Si desean ustedes seguir la actualidad de esta tendencia que ha llegado para quedarse, pueden entrar en la web del Concurso Internacional de Vinos Extremos que organiza el CERVIM bajo el patrocinio de la Organisation Internationale de la Vigne et du Vin: el más importante certamen enológico dedicado a vinos producidos en regiones de montaña o procedentes de cultivos heroicos. 

Gastronomía de alta montaña

¿Qué comer con estos vinos tan admirables y singulares? Pues, en casos así, yo siempre recurro al llamado maridaje de proximidad, que consiste en acompañar la botella con alguna receta tradicional de su región de origen.
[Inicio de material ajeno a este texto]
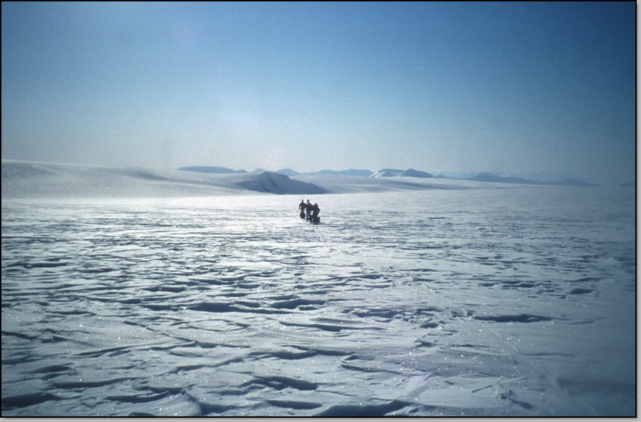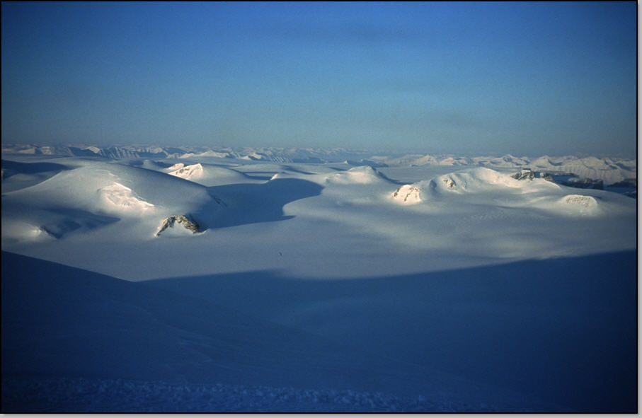 Mais la journée n'est pas finie pour tout le monde : à 17h30 nous sommes confortablement installés sous la tente mess, à deguster notre chocolat chaud. Le Newtontoppen n'est pas loin, à porté de spatules, mais nous ne voulons pas perdre une journée, ni même une demi-journée à l'escalader, de peur d'un retour du mauvais temps alors que nous serions engagé dans la traversée de la calotte de Lomonosov. L'idée est alors lancé de le gravir...tout de suite. Jean de Denis se sente encore d'attaque malgré les 8 heures de marche déjà effectuées. Ils partent à 6h30 aprés un repas avancé. 5 km de plat, plus 500m de monté, pour aboutir au sommet bis du Spitzberg, d'ou la vue sur les calottes glaciaires est saisissante. Retour à 9h : le soleil se couche à peine, et nous aussi.
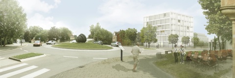 DIE GERINGE GRUNDFLÄCHE KOMMT EINER GROSSZÜGIGEN FREIANLAGENGESTALTUNG ZU GUTE UND BEWAHRT ALLE PROJEKTIERTEN STÄDTEBAULICHEN OPTIONEN FÜR DIE ZUKUNFT.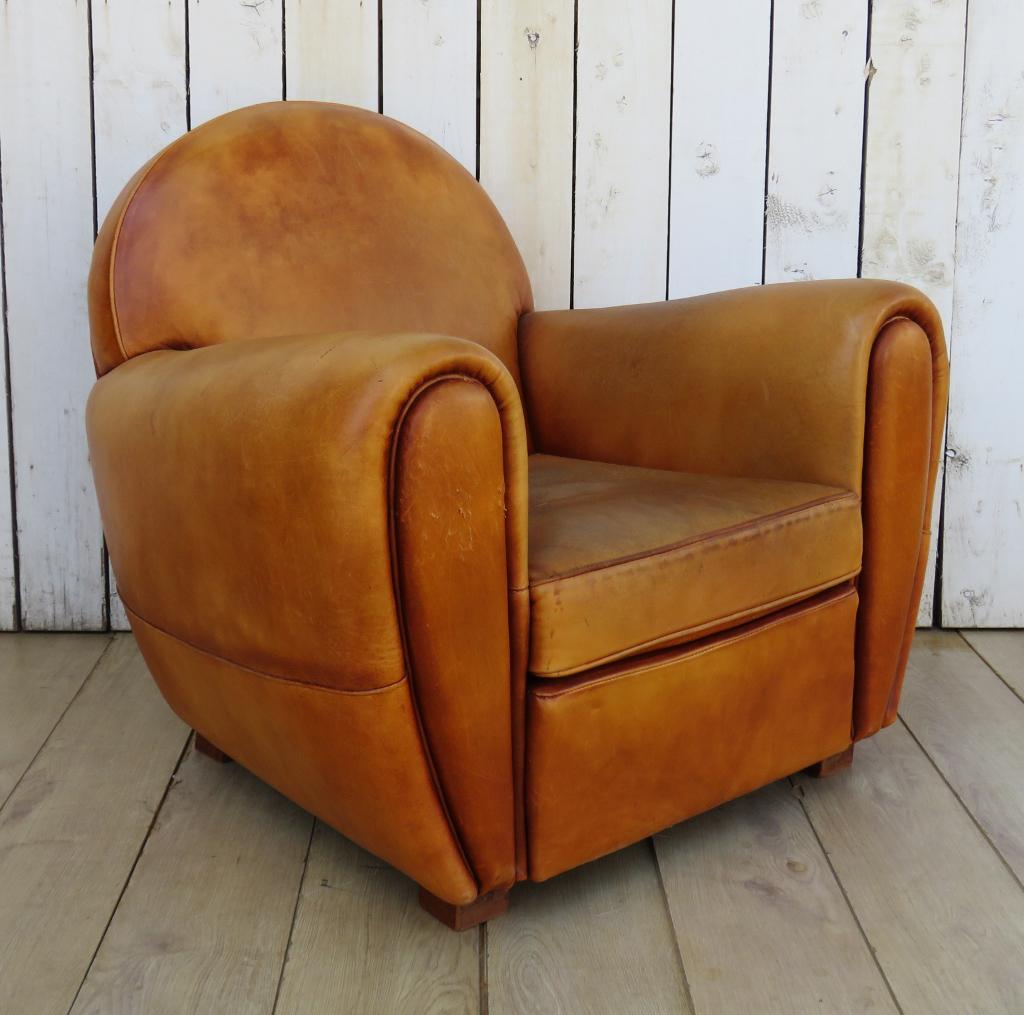 Large French Leather Club Chair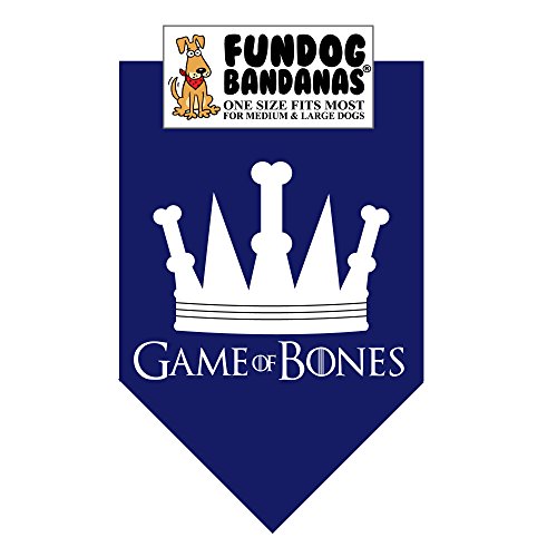-. Binding : Misc. -. Brand : FunDog Bandanas -. Color : Multi-colored -. Feature : Cute! / Fun! / Affordable! / Makes a great gift! / Simple tie-on design for ease of use! -. Label : The Dog Perk Corporation -. Manufacturer : The Dog Perk Corporation -. PackageQuantity : 1 -. ProductGroup : Pet Products -. ProductTypeName : PET_SUPPLIES -. Publisher : The Dog Perk Corporation -. Size : Miniature Size for Small Dogs -. Studio : The Dog Perk Corporation -. Title : BANDANA - Game of Bones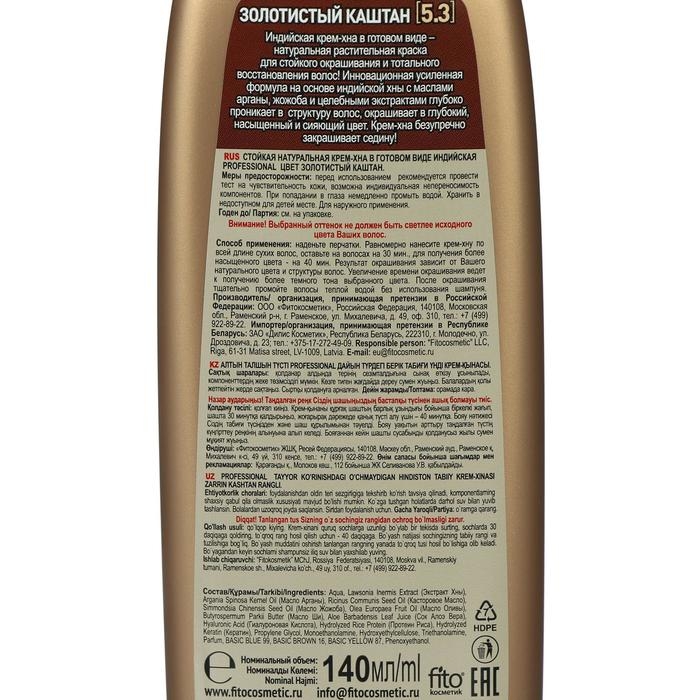 Крем-хна индийская в готовом виде Fitoкосметик Professional, тон золотистый каштан, 140 мл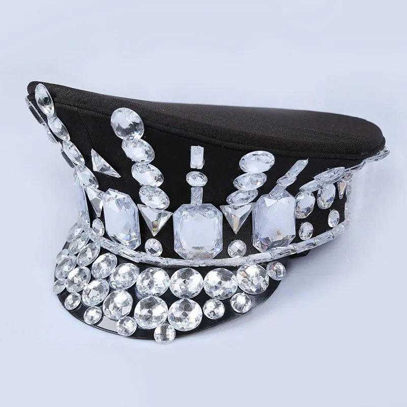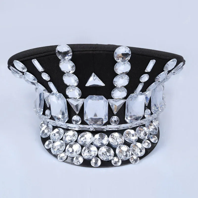 2017 Direct Selling Winter Military Hats Gorras New Dance Night Bar Ds Costume Accessories Rhinesto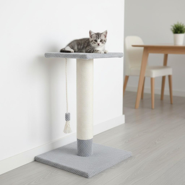 Когтеточка стовпчик з лежанкою для кота в бавовняному канаті 65см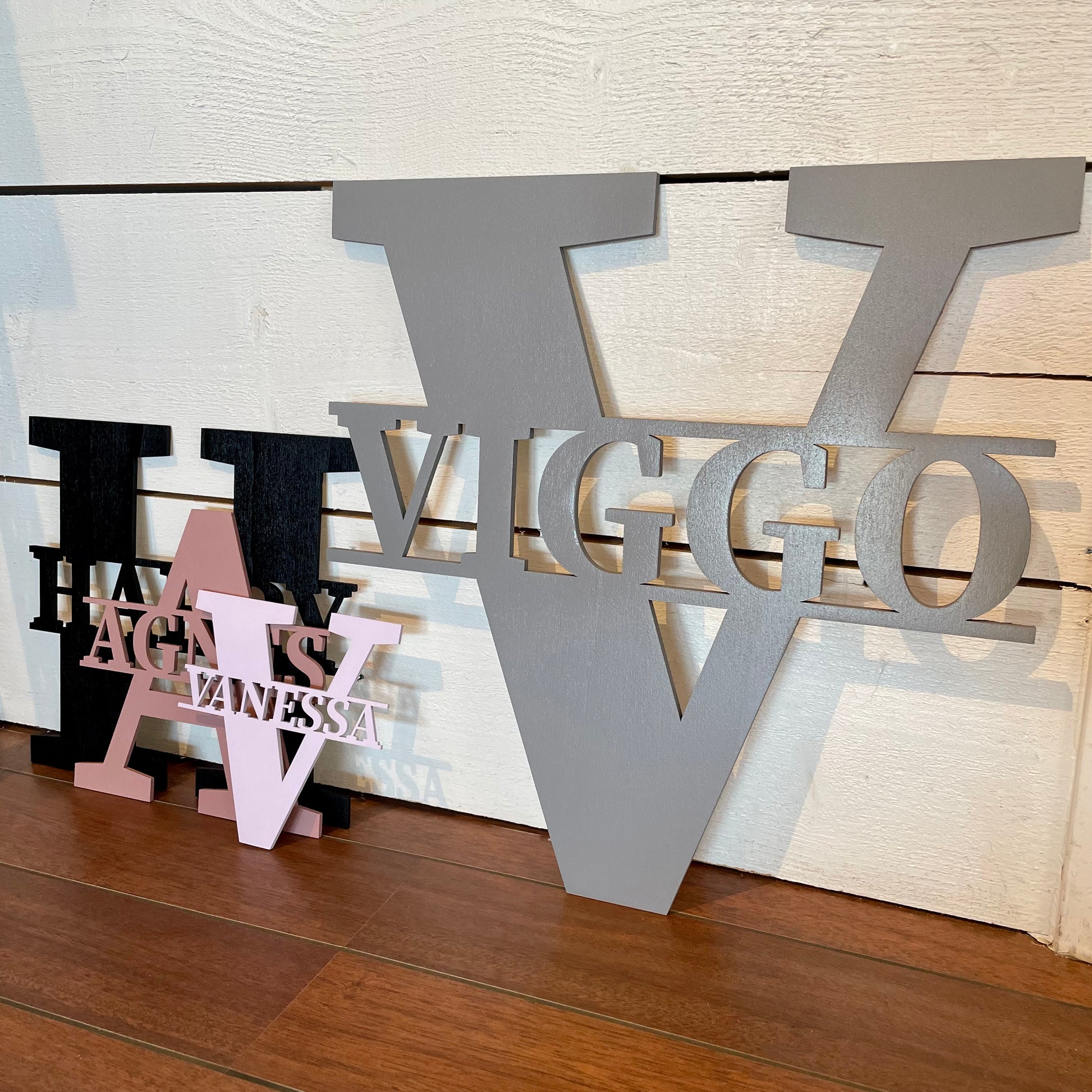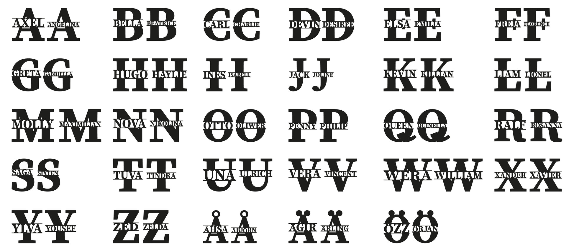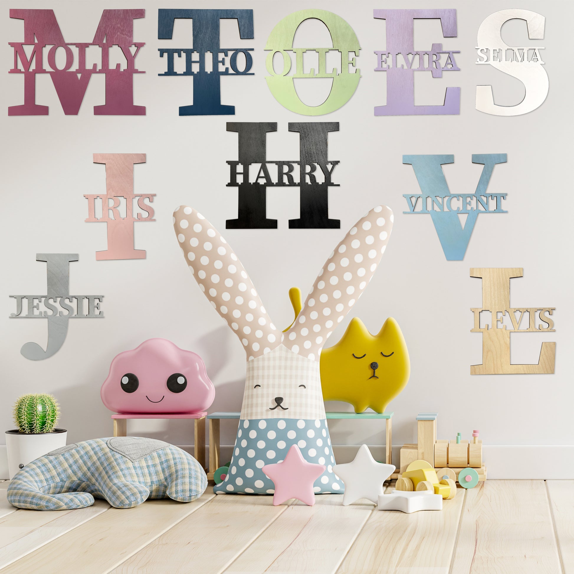 Varje väggbokstav tillverkas med det valda namnet integrerat i bokstavens form, vilket ger ett rent och balanserat uttryck som håller över tid.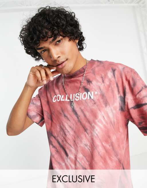 COLLUSION - T-shirt effet tie-dye à imprimé logo - Rouge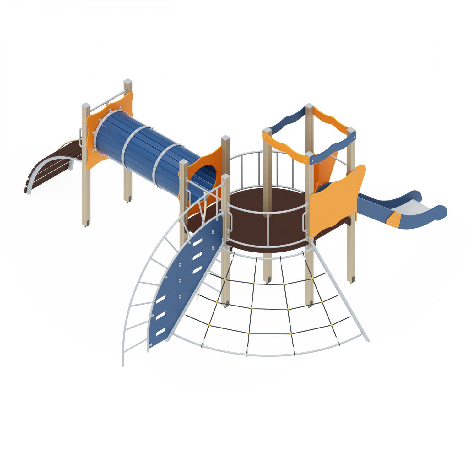 Башня сдвоенная выполнена из клеёных брусьев 100х100 мм высотой 2800 мм и 2200 мм. Пол из ламинированной фанеры, с антискользящим покрытием 1897х950 мм, толщиной 18 мм. Над одной полубашней имеются декоративные арки из фанеры толщиной 18 мм размером 990х180 мм. Башня с одной стороны закрыта бортом, выполненным из фанеры влагостойкой толщиной 18 мм, размером 1000х800 мм. Высота пола от планировочной отметки 1200 мм. 1 комплект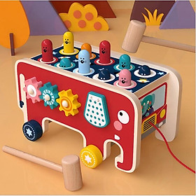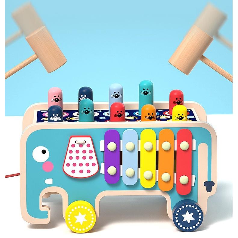 Đồ Chơi Đập Chuột Có Phát Nhạc Đồ Chơi Gỗ Hình Con Voi Kèm Đàn, Kèm Bánh Răng Xoay 3 in 1 Cho Bé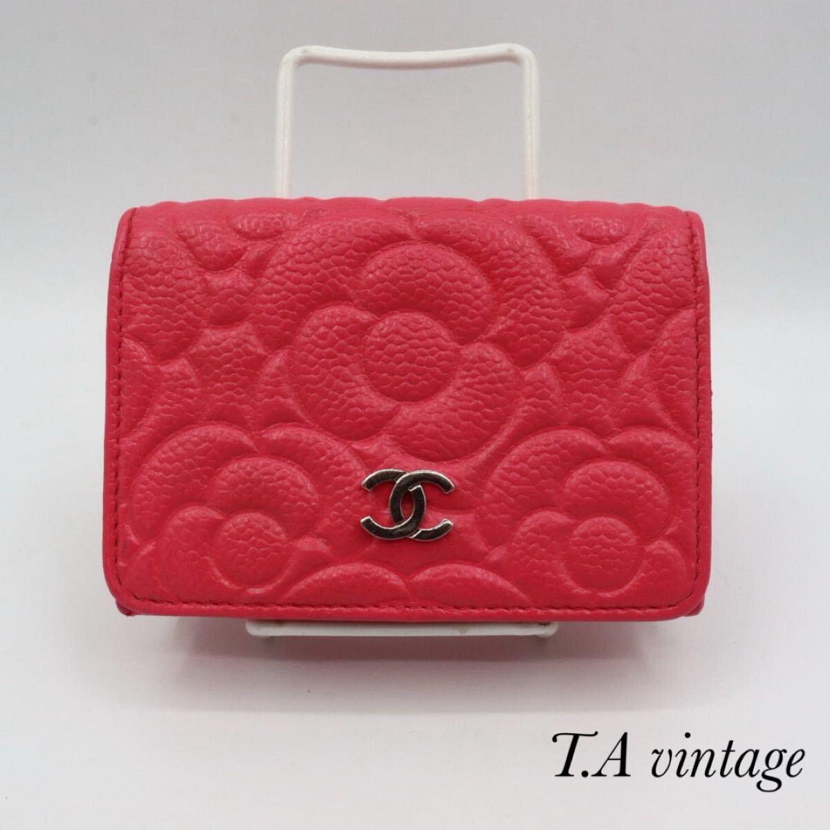 - CHANEL 美品 シャネル カメリア レザー コンパクト 財布 ピンク

Pero acaso los lectores más inquietos prefieran buscar idéntica fascinación por la altitud en los platos de algunos chefs ilustres que ofician en cordilleras montañosas.

Para tirar de ese hilo, investiguen entre los participantes del reciente Congreso Internacional de Gastronomía de Alta Montaña celebrado la semana pasada en el recinto del Prat del Roure de Escaldes-Engordany (Andorra), que ha congregado a Oriol Castro (Disfrutar), Nacho Manzano (Casa Marcial), Francis Paniego (Echaurren), Nandu Jubany (Can Jubany), Oriol Rovira (Els Casals), Fina Puigdevall (Les Cols), Albert Boronat (Ambassade de Llívia), Mette Helbæk y Flemming Schiøtt Hansen (Stedsans in the Woods), Ana Ros (Hiša Franko, Eslovenia) o Rodolfo Guzmán (Boragó, Chile), en torno a la idea de que existen una despensa, un paisaje y, por tanto, una cocina diferencial en las cumbres más inaccesibles.

Galardonado con el Andorra Taste Award, el venerado Michel Bras realizó allí un alegato en favor de esta cocina de montaña que es, para él, «actual y futura, porque es la más sostenible, la que más aprovecha los alimentos». «La cocina de montaña es respeto, es conexión con la naturaleza, contra la que no podemos hacer trampas», añadió el maestro de Laguiole. «Debemos volver a las estaciones, a escuchar el campo, y la gente de montaña sabe hacerlo». Mientras esperamos que la organización difunda el «Manifiesto para el futuro de la cocina de montaña» que se ha elaborado durante estos días, me quedo con esa imagen ancestral de las altas cumbres como un icono romántico al estilo de Caspar Friedrich, un símbolo del reencuentro con la tierra y la verdad de la vida, un lugar místico –piensen en los montes Fujiyama, Sinaí, Tabor, Olimpo…–, digno de peregrinaciones e incluso de obsesiones como la de Roy Neary, el protagonista del filme Encuentros en la tercera fase (1977, Steven Spielberg), que hasta veía en sueños la Torre del Diablo (Wyoming). Y recuerdo aquella frase atribuida a Confucio que dice: «El hombre de inteligencia gusta del mar, pero el hombre de corazón prefiere la montaña».